The identification, isolation (1) and synthesis (2) of testosterone in 1935 marked the inception of the field of modern androgen research. Testosterone’s steroid nucleus — consisting of three cyclohexane rings and one cyclopentane ring joined together — formed the molecular skeleton for organic chemists to tinker with in order to gear its physiologic effects in a desired direction. Separating the androgenic or virilizing effects from the anabolic or myotrophic effects was — and is — of special interest, especially for application in muscle-wasting conditions, particularly in children and women. A tremendous effort was made in pursuit of a ‘pure’ anabolic steroid. Thousands of chemical configurations were tried and tested in the decades following testosterone’s discovery. Some 650 of these derivatives of testosterone are documented in the seminal work Androgens and Anabolic Agents by the late Julius A. Vida, a prominent Hungarian-American chemist (3). Much of the work relied on experimental animal data that yielded ‘anabolic-androgenic ratios’. While never formally standardized, the 1953 Hershberger assay — a modification of a bioassay described by Eisenberg and Gordan three years earlier (4) — became the de facto standard for assessing anabolic versus androgenic effects of androgenic compounds of interest (5). The anabolic effect was derived from changes in the levator ani weight and the androgenic effect from changes in the ventral prostate or seminal vesicle weight in castrated male rats following androgen administration. This approach yielded a wide array of compounds of interest with promising ratios — whether reflecting a true dissociation or not — yet none of them was void of virilizing effects.

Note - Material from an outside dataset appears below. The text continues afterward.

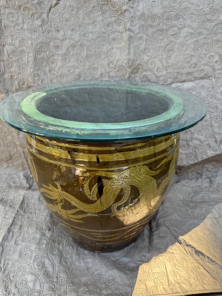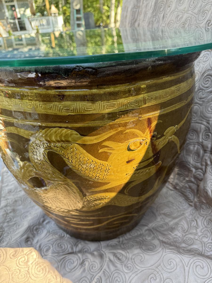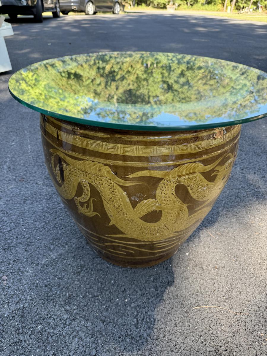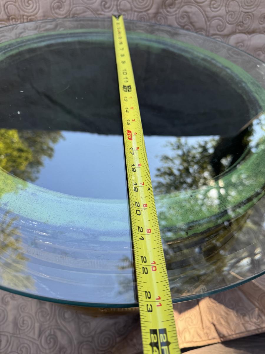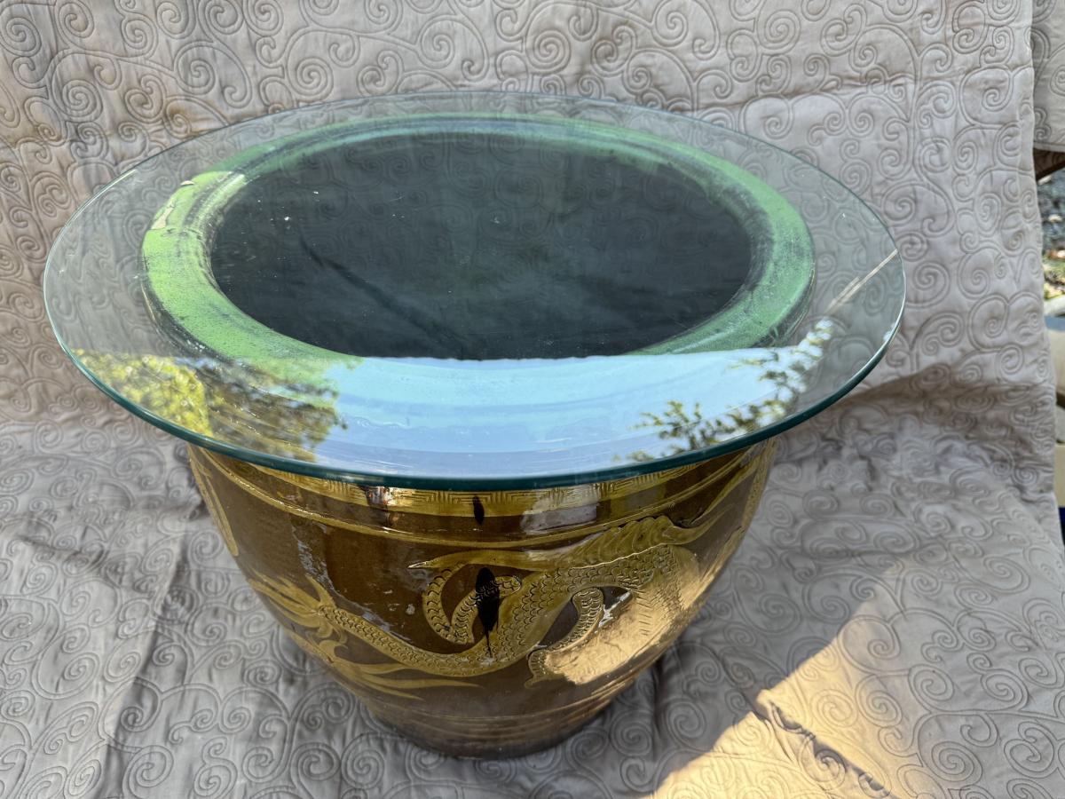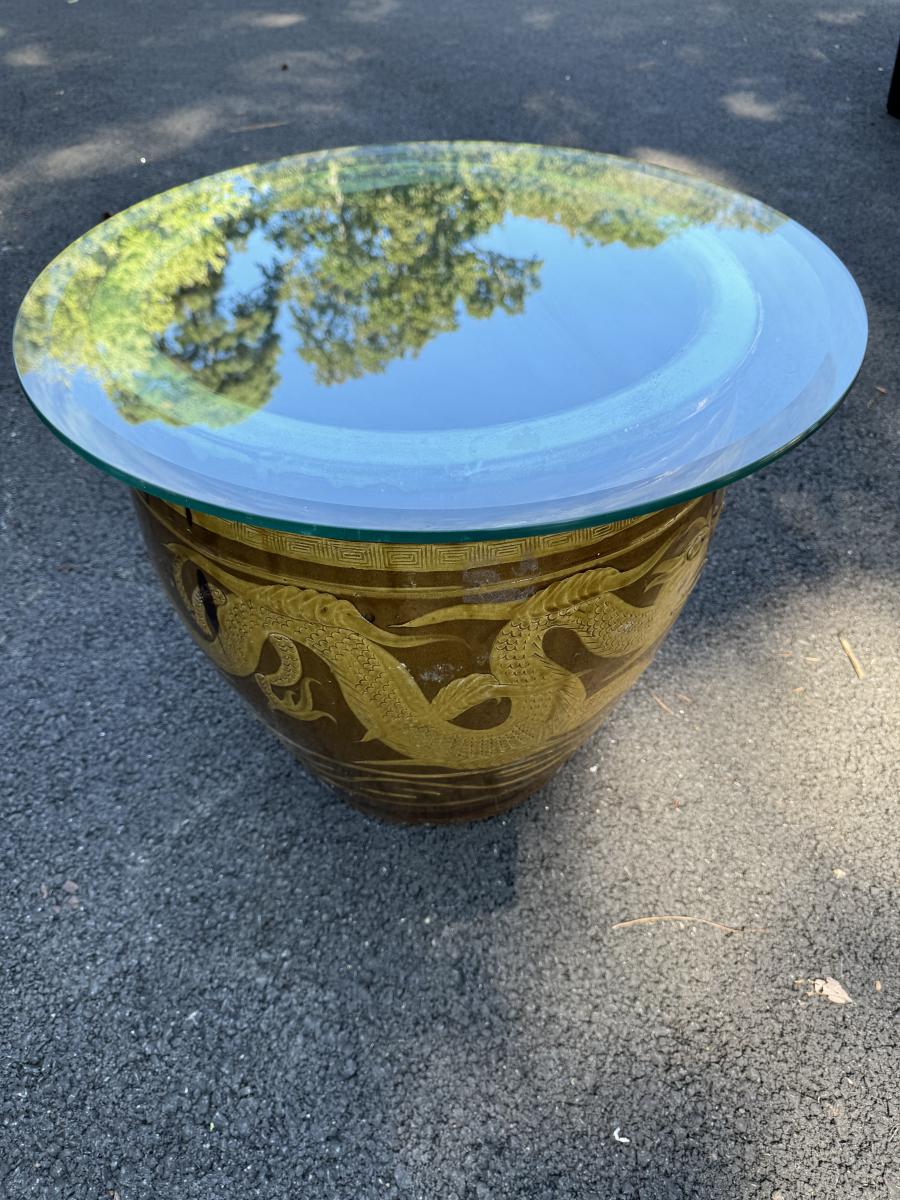 Buying as is, as found in this wonderful estate. See MANY PHOTOS for content, condition and dimensions. Never a Buyers Premiums or Credit Card Fee. All lots start at just $10 and sell with No Reserve to the highest bidder. Glass top 23” diameter.
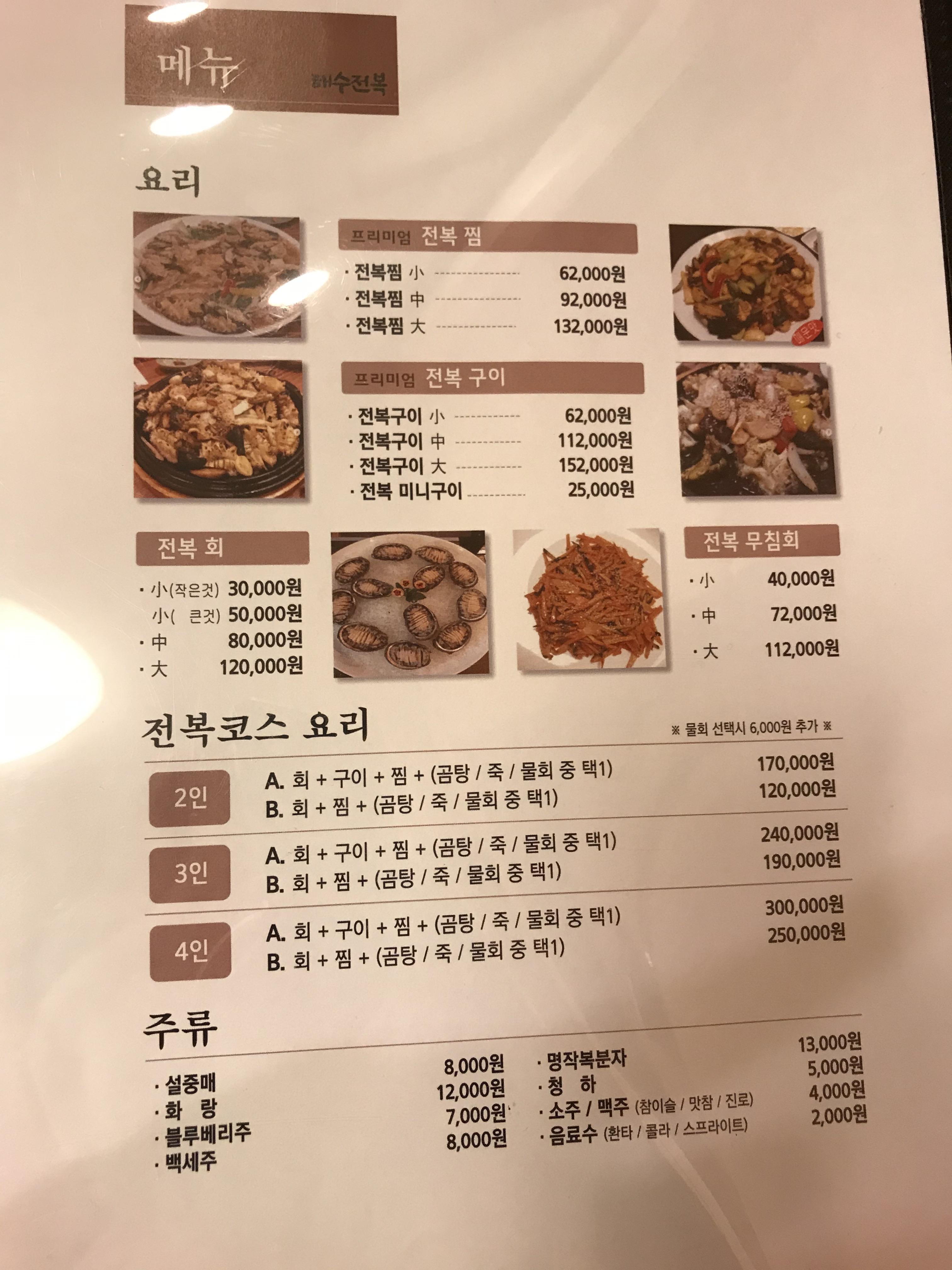 경산 중방동 전복맛집 해수전복의 메뉴판. 전복이 들어간 여러 단품 요리, 코스요리들이 있었는데 생각했던 것보다 더 가격이 높게 형성되어 있어서, 해수정식 세트를 시키기로 했다.

Reports from the early 1970s of multiple androgen receptors (ARs) with distinct anabolic and androgenic activities provided a mechanistic underpinning for the observed favorable ratios and offered hope for further clinical development as compounds with differential receptor affinities might exploit this finding (6, 7). Two decades later, an N-terminal truncated form of the full-length AR was identified (8). However, rigorous experiments with various AR ligands failed to demonstrate differences in the activities between these two AR isoforms (9, 10). For completeness, it is worth noting that several AR splice variants (e.g. AR-V7) have been identified in cancers (in particular breast and prostate cancer), although most lack the ligand-binding domain (11). In retrospect, the earlier discovery of 5α-reductase, a family of three isozymes encoded by SRD5A1, SRDA5A2 and SRD5A3, and its role in amplifying testosterone’s effects in target tissues via conversion into the more potent androgen 5α-dihydrotestosterone (1214) was arguably the most significant mechanistic insight into how tissue-specific androgenic potency can rise separate from anabolic effects. This ultimately led to the development and market approval of 5α-reductase inhibitors, which have been in use since the 1990s to treat two androgen-driven processes: benign prostate hyperplasia (15) and androgenetic alopecia (16).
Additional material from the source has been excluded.